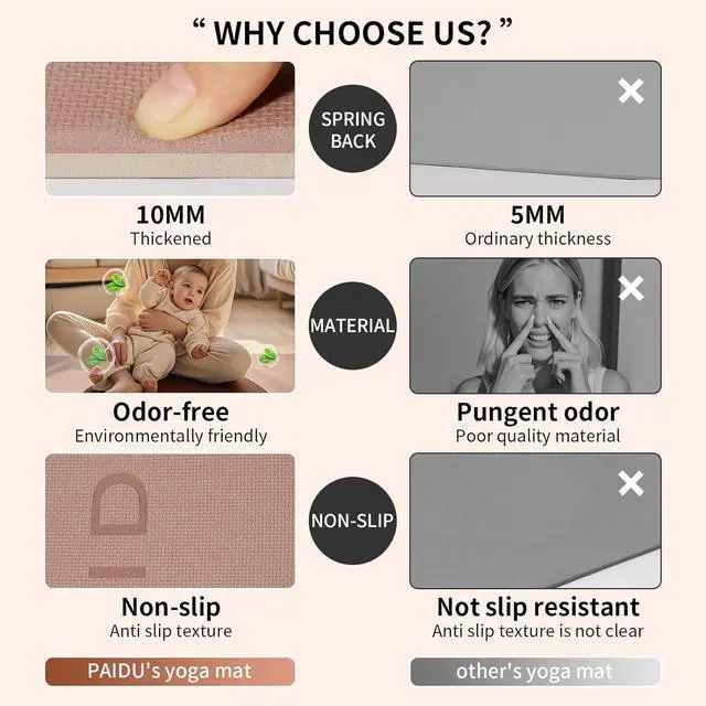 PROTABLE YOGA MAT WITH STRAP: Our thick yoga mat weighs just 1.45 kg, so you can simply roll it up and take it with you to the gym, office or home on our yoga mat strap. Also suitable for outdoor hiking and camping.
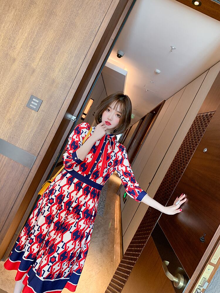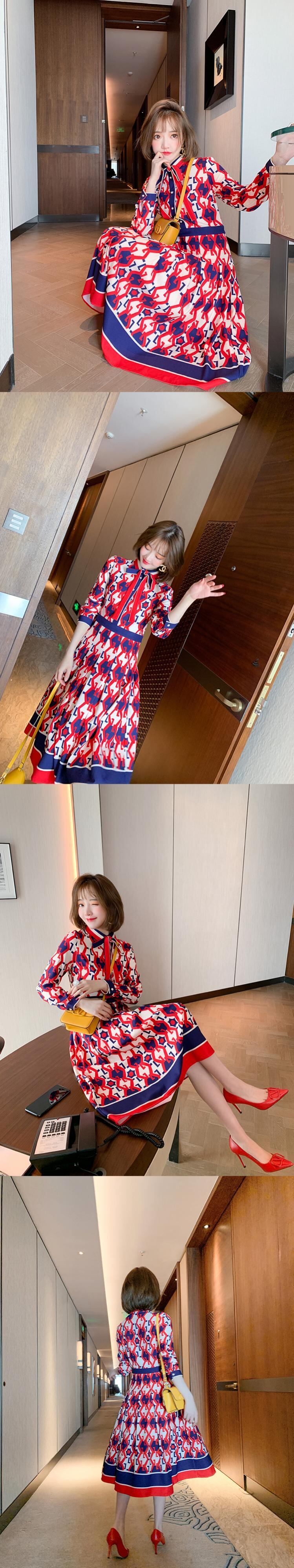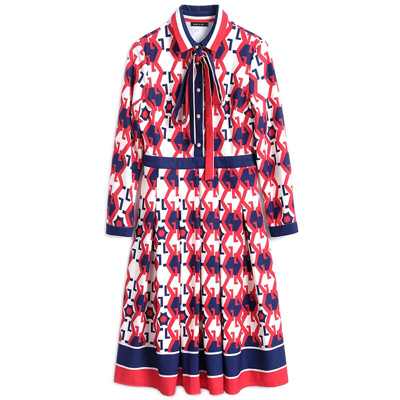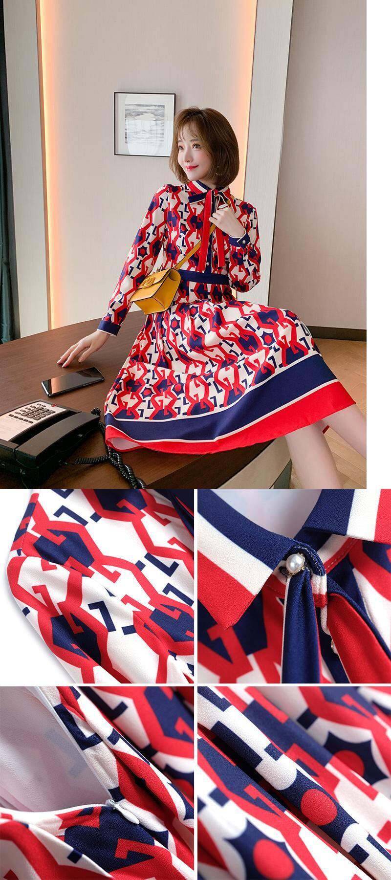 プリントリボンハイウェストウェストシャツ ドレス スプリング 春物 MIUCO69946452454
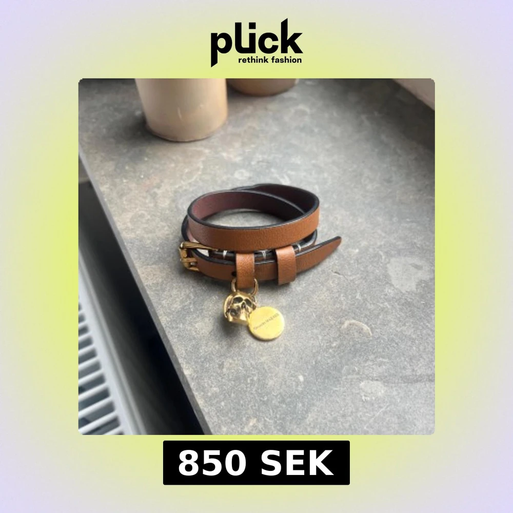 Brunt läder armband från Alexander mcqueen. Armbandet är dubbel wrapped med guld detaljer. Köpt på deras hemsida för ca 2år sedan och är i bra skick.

Work to complete: A word-for-word copy of the lines from the one with "プリントリボンハイウェストウェストシャツ ドレス スプリング" through the last line of the data above is required, with both end lines included and no pictures.

Your solution:
 プリントリボンハイウェストウェストシャツ ドレス スプリング 春物 MIUCO69946452454
 Brunt läder armband från Alexander mcqueen. Armbandet är dubbel wrapped med guld detaljer. Köpt på deras hemsida för ca 2år sedan och är i bra skick.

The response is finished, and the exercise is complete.